• **EXERCISE DESCRIPTION**:
Please return each of the entries exactly, minus their pictures.
-- Opening Marker --
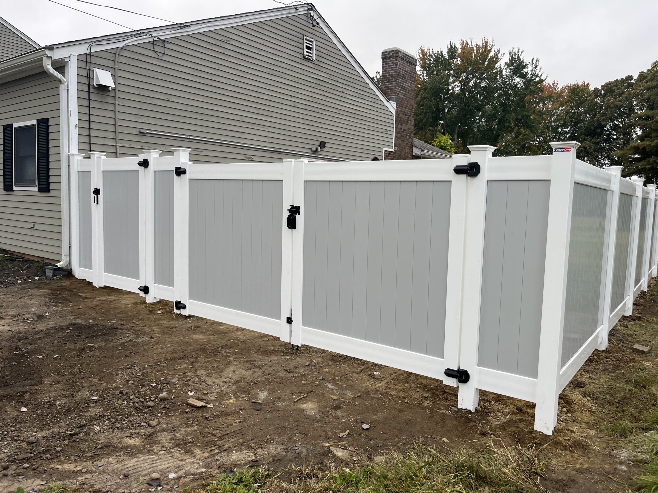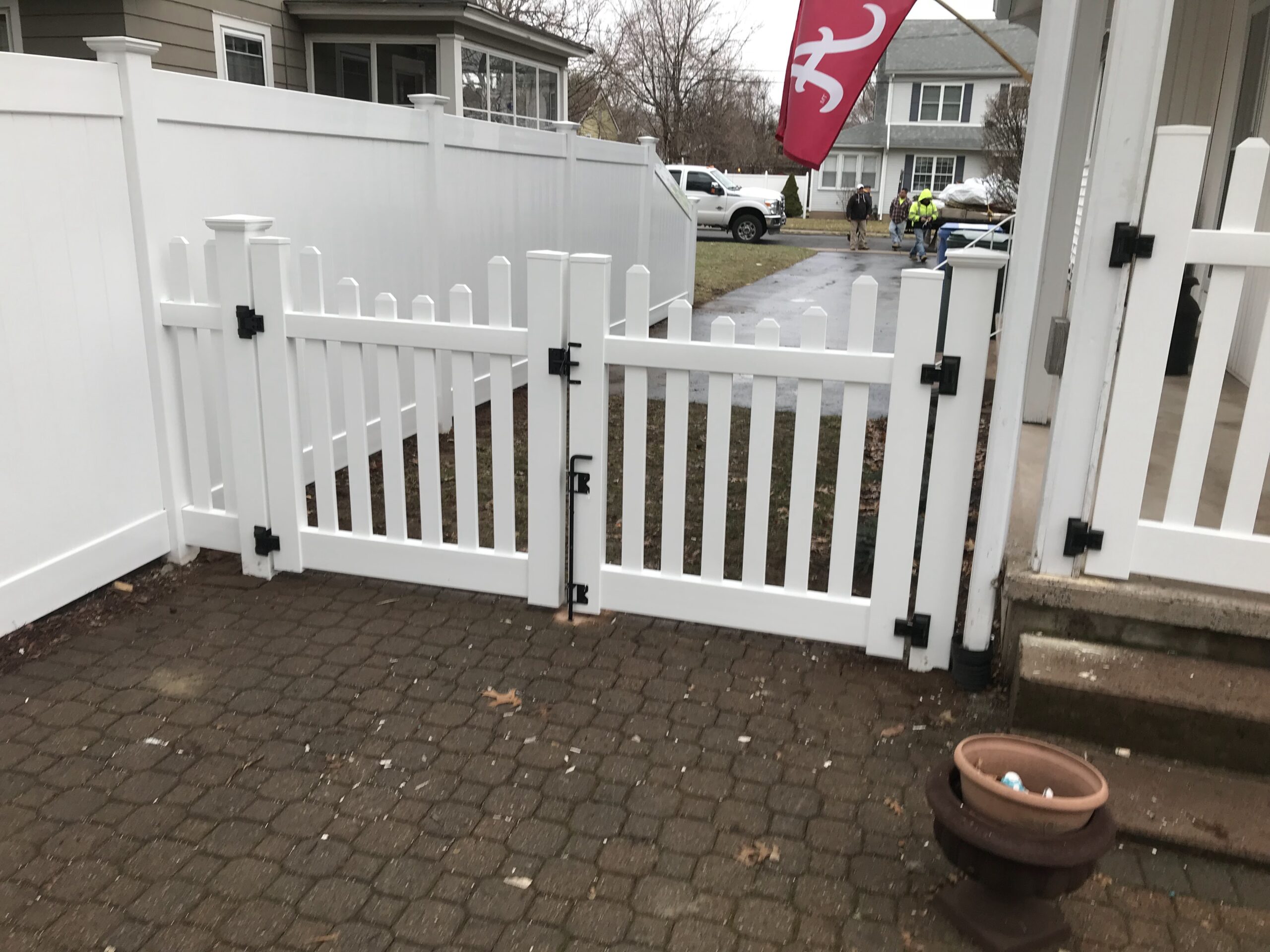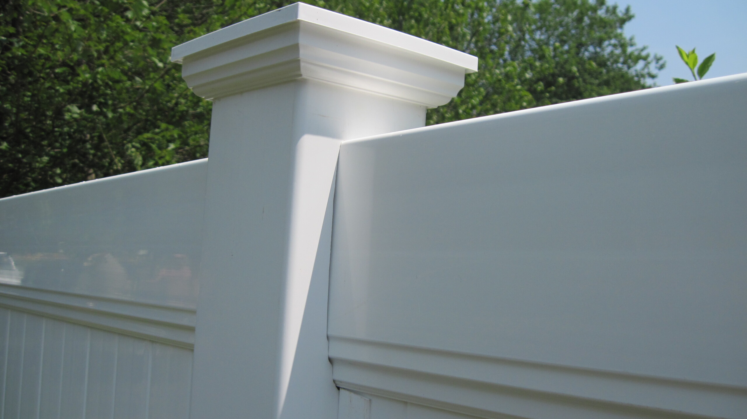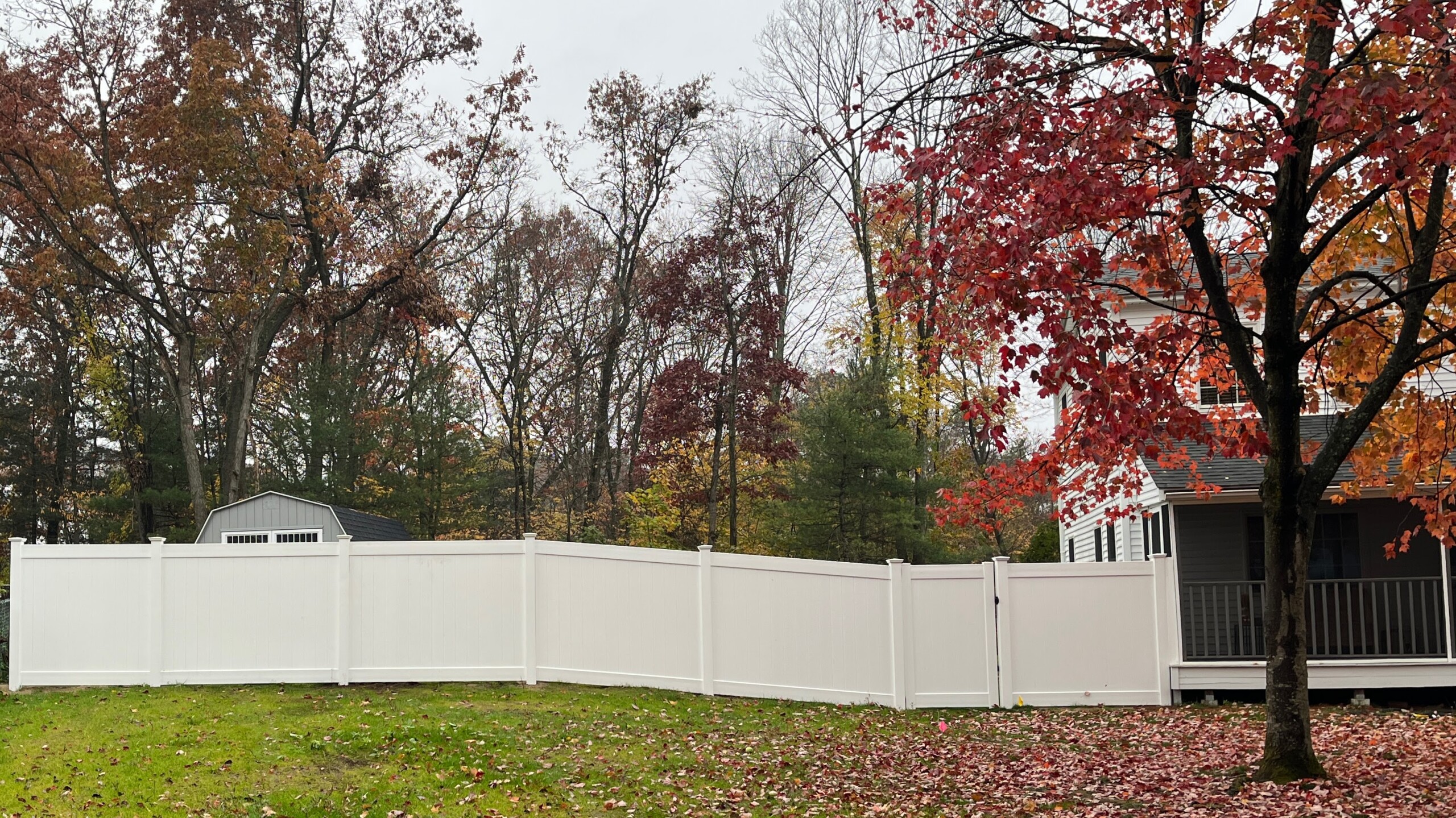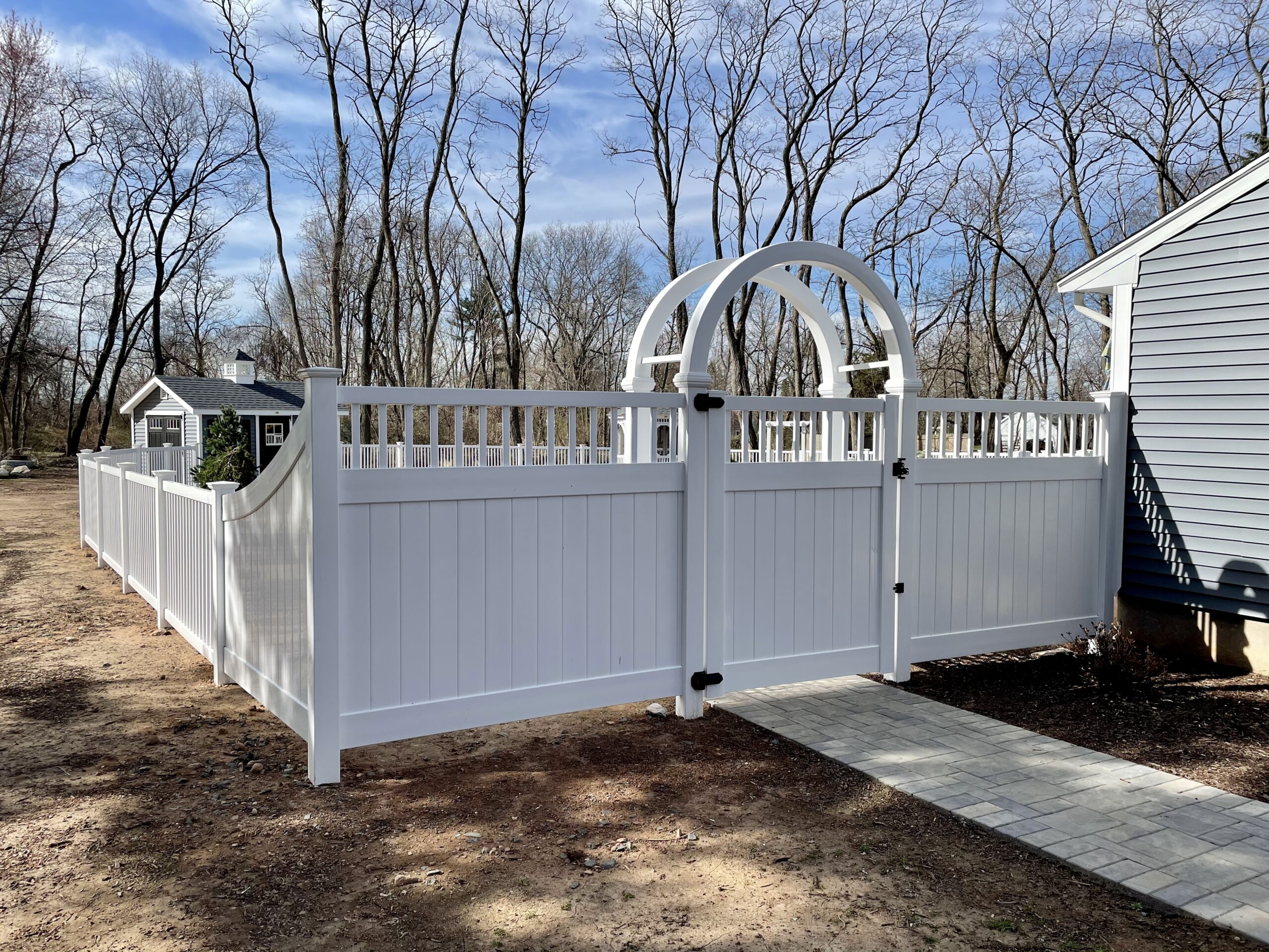 At Fence One we take our materials seriously. Not all vinyl fences are manufactured the same and not all fence companies install them the same. You have probably seen countless examples of white vinyl fences many sold by the ‘big box home stores’ that quite simply look awful. This is NOT what we sell or install. Our vinyl fences are all manufactured in the USA and are designed with a system where both the top and bottom rails go into each post. This is much like a ‘post and beam’ house. Our posts are a full 5″x5″ with a minimum of 36″ to 42″ of the post in the ground. We mix concrete on site whereby every post is secured in concrete to ensure your fence will not move over the years due to frost or wind. That means when we install your fence it will retain its even flow and lines for years to come.Most yards in Connecticut are not perfectly level. We install your fence to accommodate the natural flow of your property by custom cutting rails and pickets to follow the grade of your yard. This means we DO NOT step your fence like a staircase, but maintain an even flow that creates a dramatic and professional appearance that is pleasing to the eye. This type of installation means we avoid installing a fence with large gaps or spaces under the fence which is especially important with children and pets.
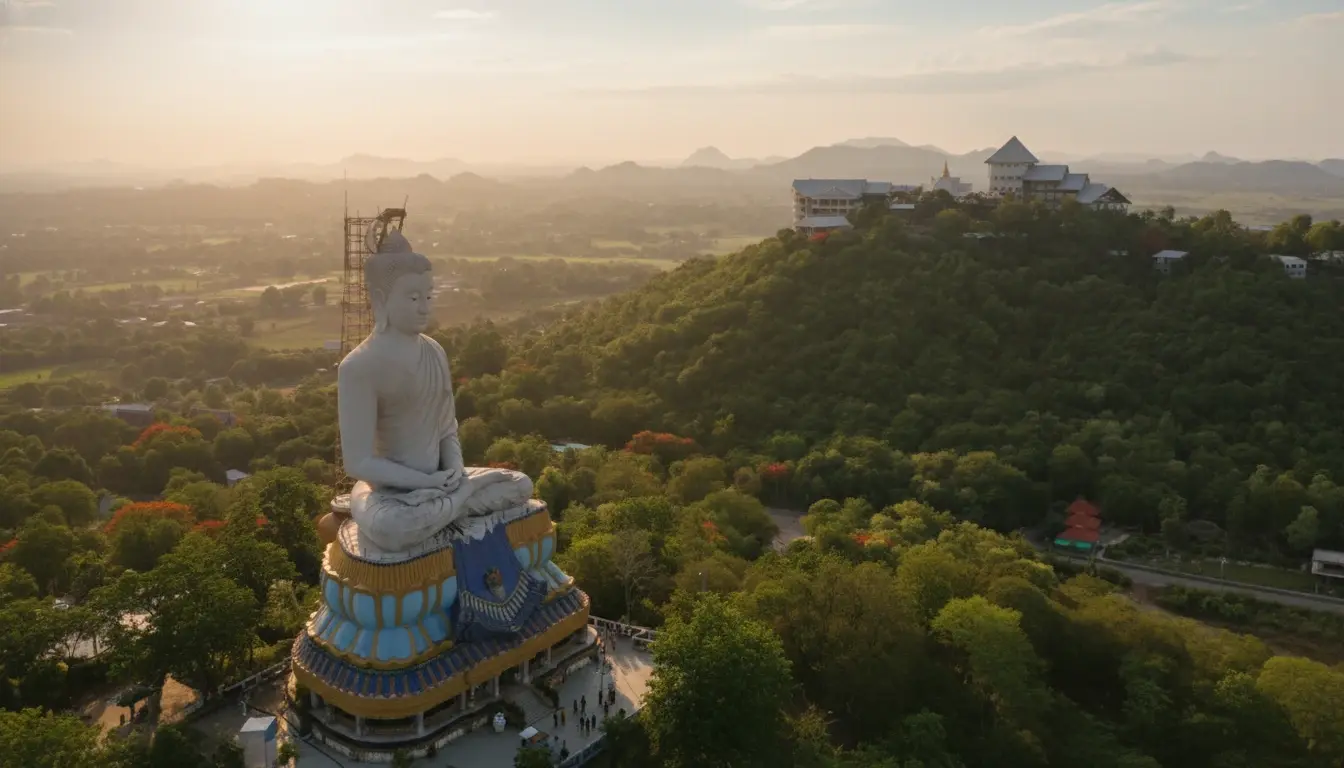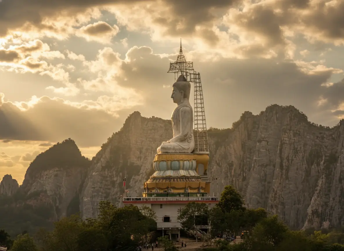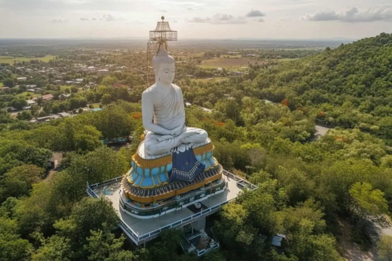 Wat Nong Hoi is a majestic temple located on a hilltop in Ratchaburi Province, Thailand. It is renowned for its large white Buddha statue that overlooks the surrounding countryside. The temple offers breathtaking panoramic views, making it a favorite destination for travelers and photographers seeking spiritual serenity and scenic beauty.
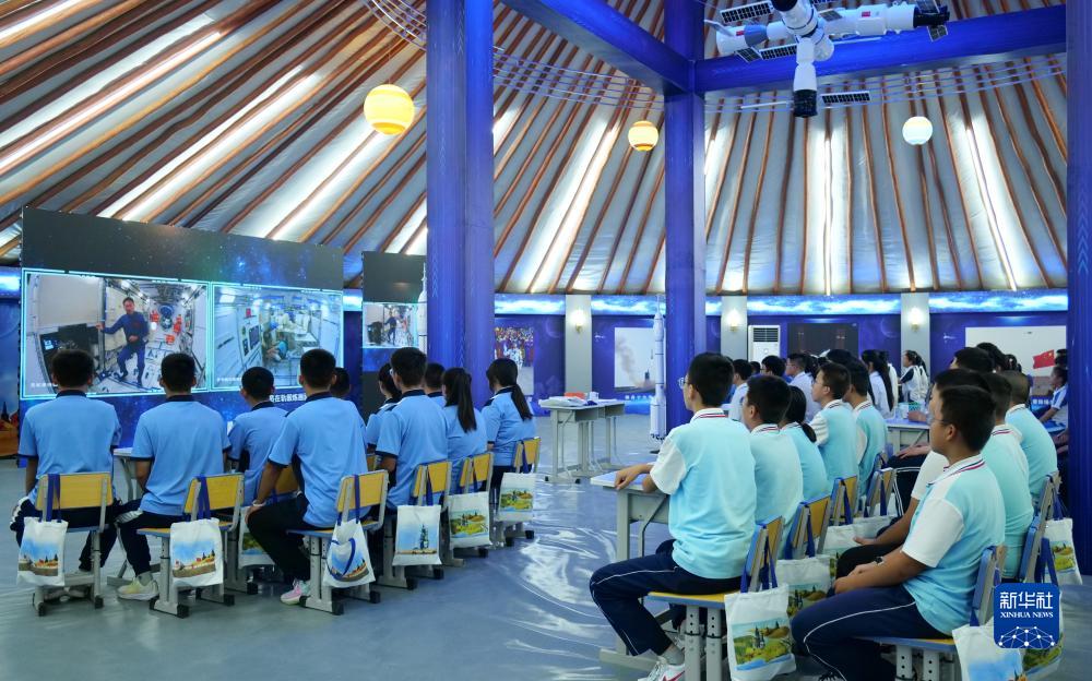 9月21日,在內(nèi)蒙古阿拉善盟額濟納旗,學(xué)生收看“天宮課堂”。新華社發(fā)(敖琪 攝)
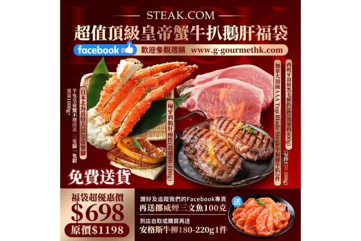 頂級皇帝蟹, 牛扒, 黑毛豬扒, 鵝肝福袋, 超特價發售, 平時出去買一隻皇帝蟹都要$1400以上, 而家半隻日本皇帝蟹再連埋牛扒黑毛豬鵝肝, 都只係需要$698,真心超平
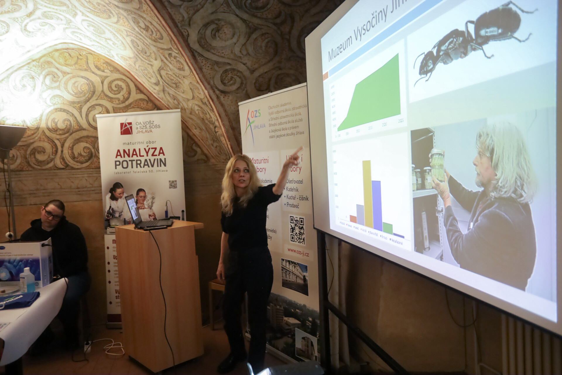 Závěrem vystoupila muzejní vědkyně RNDr. Klára Bezděčková, Ph.D., která přiblížila svou cestu k vědecké práci a představila také výzkumné aktivity Muzea Vysočiny Jihlava. Její vystoupení nabídlo účastníkům možnost nahlédnout do světa současné vědy přímo z prostředí muzejní instituce.
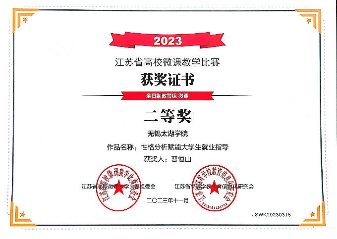 近日,江苏省高校微课教学比赛结果揭晓。我校艺术学院教师彭青、商学院教师曹恒山分别荣获微课类比赛二等奖,苏格兰学院教师李霄翔、蒋学清和RichardRyan荣获微课程类比赛三等奖。
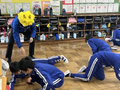 1・2年生の体育の授業の様子です。冬でも体を鍛えることは大切ですね。
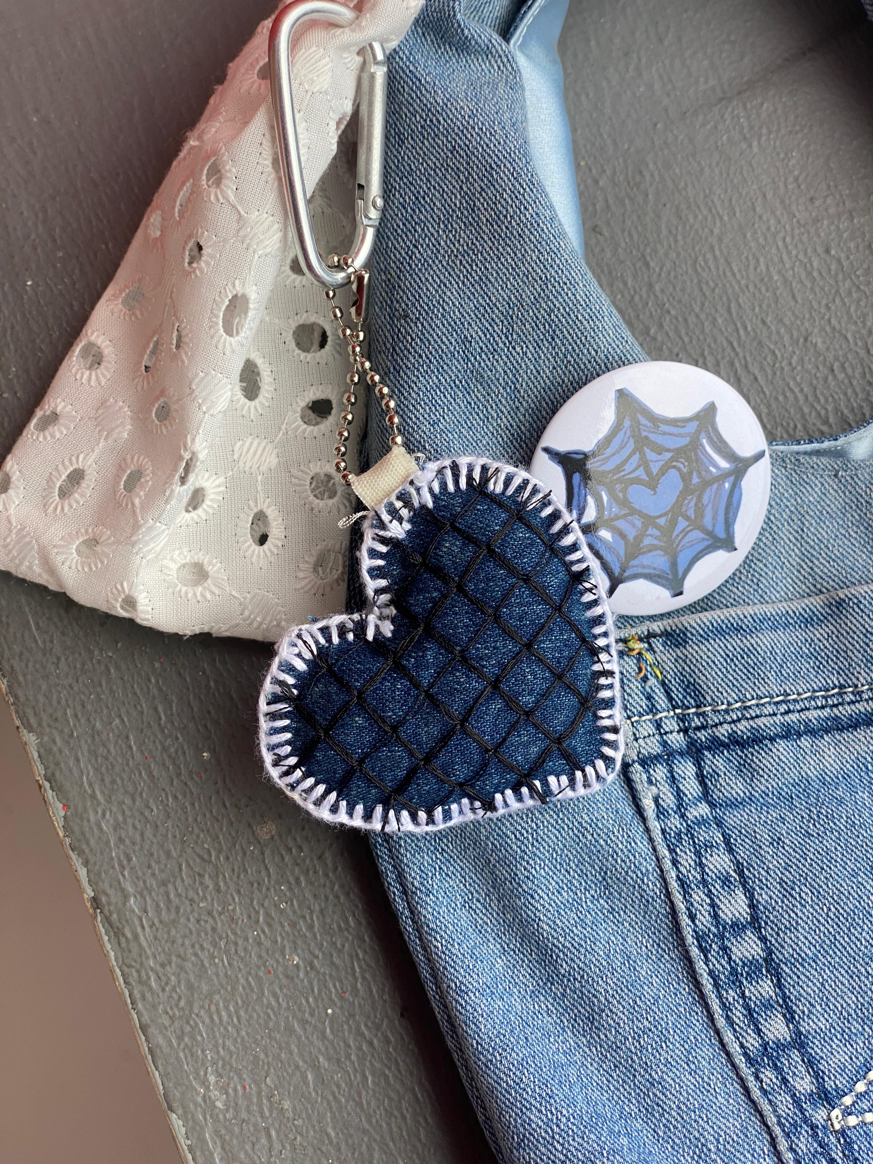 Keychain handmade dari kain donasi yang sudah melalui proses rework.
-- Closing Marker --
• **RESPONSE TO THE EXERCISE**:
 At Fence One we take our materials seriously. Not all vinyl fences are manufactured the same and not all fence companies install them the same. You have probably seen countless examples of white vinyl fences many sold by the ‘big box home stores’ that quite simply look awful. This is NOT what we sell or install. Our vinyl fences are all manufactured in the USA and are designed with a system where both the top and bottom rails go into each post. This is much like a ‘post and beam’ house. Our posts are a full 5″x5″ with a minimum of 36″ to 42″ of the post in the ground. We mix concrete on site whereby every post is secured in concrete to ensure your fence will not move over the years due to frost or wind. That means when we install your fence it will retain its even flow and lines for years to come.Most yards in Connecticut are not perfectly level. We install your fence to accommodate the natural flow of your property by custom cutting rails and pickets to follow the grade of your yard. This means we DO NOT step your fence like a staircase, but maintain an even flow that creates a dramatic and professional appearance that is pleasing to the eye. This type of installation means we avoid installing a fence with large gaps or spaces under the fence which is especially important with children and pets.
 Wat Nong Hoi is a majestic temple located on a hilltop in Ratchaburi Province, Thailand. It is renowned for its large white Buddha statue that overlooks the surrounding countryside. The temple offers breathtaking panoramic views, making it a favorite destination for travelers and photographers seeking spiritual serenity and scenic beauty.
 9月21日,在內(nèi)蒙古阿拉善盟額濟納旗,學(xué)生收看“天宮課堂”。新華社發(fā)(敖琪 攝)
 頂級皇帝蟹, 牛扒, 黑毛豬扒, 鵝肝福袋, 超特價發售, 平時出去買一隻皇帝蟹都要$1400以上, 而家半隻日本皇帝蟹再連埋牛扒黑毛豬鵝肝, 都只係需要$698,真心超平
 Závěrem vystoupila muzejní vědkyně RNDr. Klára Bezděčková, Ph.D., která přiblížila svou cestu k vědecké práci a představila také výzkumné aktivity Muzea Vysočiny Jihlava. Její vystoupení nabídlo účastníkům možnost nahlédnout do světa současné vědy přímo z prostředí muzejní instituce.
 近日,江苏省高校微课教学比赛结果揭晓。我校艺术学院教师彭青、商学院教师曹恒山分别荣获微课类比赛二等奖,苏格兰学院教师李霄翔、蒋学清和RichardRyan荣获微课程类比赛三等奖。
 1・2年生の体育の授業の様子です。冬でも体を鍛えることは大切ですね。
 Keychain handmade dari kain donasi yang sudah melalui proses rework.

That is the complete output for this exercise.